While designing a Neural Network, we can use Dataset & Data Loader for efficient memory management. Think of them as a backbone for providing data to a machine learning model. Optuna package available in the PyTorch library will be used to calculate the hyper parameters.
Agenda of this blog :
- How we are making the model memory efficient by using Dataset, Data Loader
- How to use Optuna package to select accurate Hyper Parameters
Hyper parameters in a Neural Network :
- Learning rate
- Batch size
- No. of epochs
- Drop out ratio
- No. of hidden layers
- No. of hidden units
- Normalization - Batch norm etc.
- Optimizers - Adam, Momentum, NAG, RMS Prop etc.

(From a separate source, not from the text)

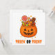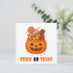 Envie saudações doces e assustadoras com esta placa lisa festiva com um balde alegre de abóbora cheio de doces coloridos e lábios. Perfeito para convites de festas, obrigado-você observa, ou mensagens sazonais, este design brincalhão adiciona um encantador toque de Halloween à sua correspondência. Ideal para festas infantis, eventos de truques ou de tratamento, ou comemorações do outono!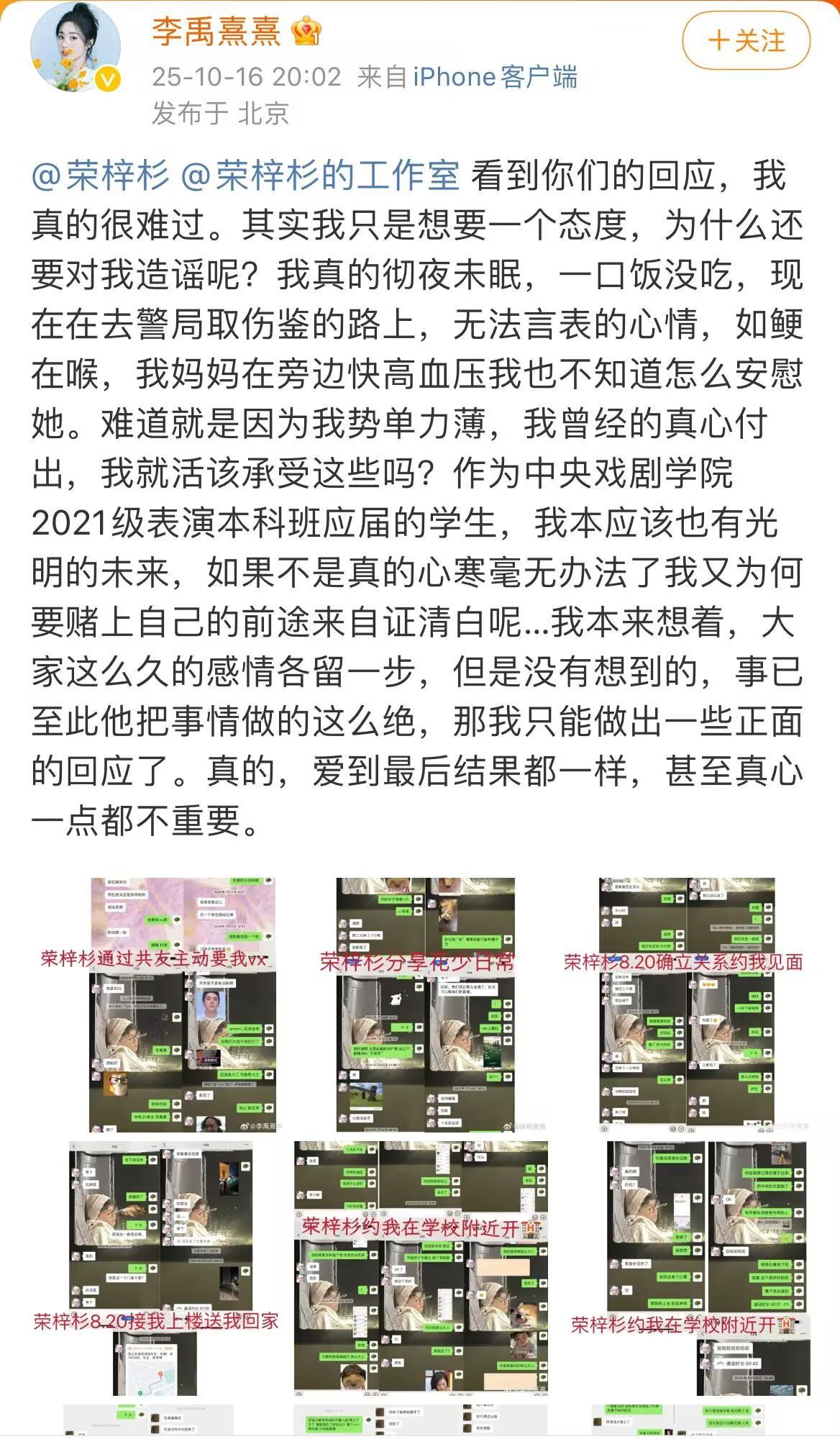 10月15日深夜,认证信息为“2022北京冬奥会演员”、多条消息显示今年刚从中央戏剧学院毕业的李禹熹发长文表示,自己于2024年8月与童星、同校师弟荣梓杉确立恋爱关系,但3个月后便遭遇对方不接电话、频繁失联的冷暴力。

Generally, we manually try above hyper parameters with different reasonable values and try testing a model and finalize the accurate paramters which are best suitable for our model. But manual way takes time as we need to see different possibilities by using different values for these parameters and then come up with correct parameters and values.
By using Optuna package, we will make this process easy. We will see how we do that in this blog with proper programmatical explanation.
Dataset :
A dataset is the collection of data that you use to train, validate, and test a neural network. Dataset means raw data, we will consider one record at a time(we will see what does it mean in this blog).
Dataset know :
- How many items exist, means it know what data it has
- How to fetch one record from Dataset
- Then applies pre-processing/transform data
Above points are the qualification factors of a Dataset. Dataset will never return batches and never shuffle the data, it also never decides training order.
Data Loader :
A Data Loader accepts data from Dataset. It will decide the order of incoming data into the model.
- It groups data into mini batches
- It shuffle and load the data efficiently using multiple workers
Now, realize that Dataset & DataLoader are classes in the PyTorch library. Dataset will initiate first followed by DataLoader. We will use these in Neural Networks and also LLMs.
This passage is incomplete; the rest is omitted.